Когда он проснулся, то понял, что лежит на заднем сиденье автомобиля, что автомобиль едет и что играет Шуберт, и позволил себе найти в этом успокоение, зацепиться за что-то знакомое в незнакомой ситуации, в чужой машине, которую вел чужой человек, чужак, которого он от слабости даже не мог толком рассмотреть, чужак, который вез его сквозь чужой пейзаж в неизвестном направлении. Когда он снова проснулся, он находился в комнате, в гостиной; оглядевшись, он увидел диван, на котором лежал, кофейный столик перед диваном, два кресла, каменный камин, все в коричневых тонах. Он встал, все еще шатаясь, но уже не так сильно, и в этот момент заметил, что в дверном проеме стоит мужчина, ростом немного меньше его самого, худой, но с брюшком и по-женски широкими бедрами. Он глядел сквозь очки с полоской черного пластика наверху, но без оправы с нижней стороны, а волосы его были подстрижены в тонзуру очень короткой и мягкой шерсти, как норковый мех.

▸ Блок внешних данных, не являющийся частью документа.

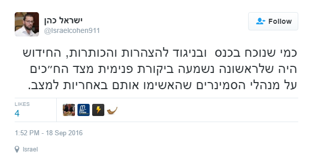 ישראל כהן מעביר את רשמיו מהכינוס..

— Иди на кухню и съешь чего-нибудь, — сказал мужчина тихим, бесцветным голосом, и он медленно поплелся за ним на кухню, которая, за исключением плитки и стен, тоже была выдержана в коричневых тонах: коричневый стол, коричневые ящики, коричневые стулья. Он сел на стул в торце стола, и мужчина поставил перед ним тарелку с гамбургером и картошкой фри и стакан молока.
— У меня обычно не бывает гамбургеров, — сказал мужчина и посмотрел на него.
Он не знал, что на это ответить.
— Спасибо, — сказал он, и мужчина кивнул.
— Ешь, — сказал он и сел напротив, во главе стола, глядя на него. В обычных обстоятельствах он бы смутился, но сейчас был слишком голоден.
Поев, он отодвинулся от стола и снова поблагодарил, и мужчина снова кивнул, но ничего не сказал.
— Ты проститутка, — сказал после паузы мужчина, и он покраснел, глядя на полированную коричневую древесину стола.
— Да, — признал он.
Мужчина издал короткий тихий звук, посопев носом, и спросил:
— Давно ты стал проституткой? — Но он не мог ему ответить и молчал. — Ну? — спросил тот. — Два года? Пять лет? Десять? Всю свою жизнь? — В его голосе сквозило раздражение или что-то очень похожее, но говорил он мягко и не повышал голос.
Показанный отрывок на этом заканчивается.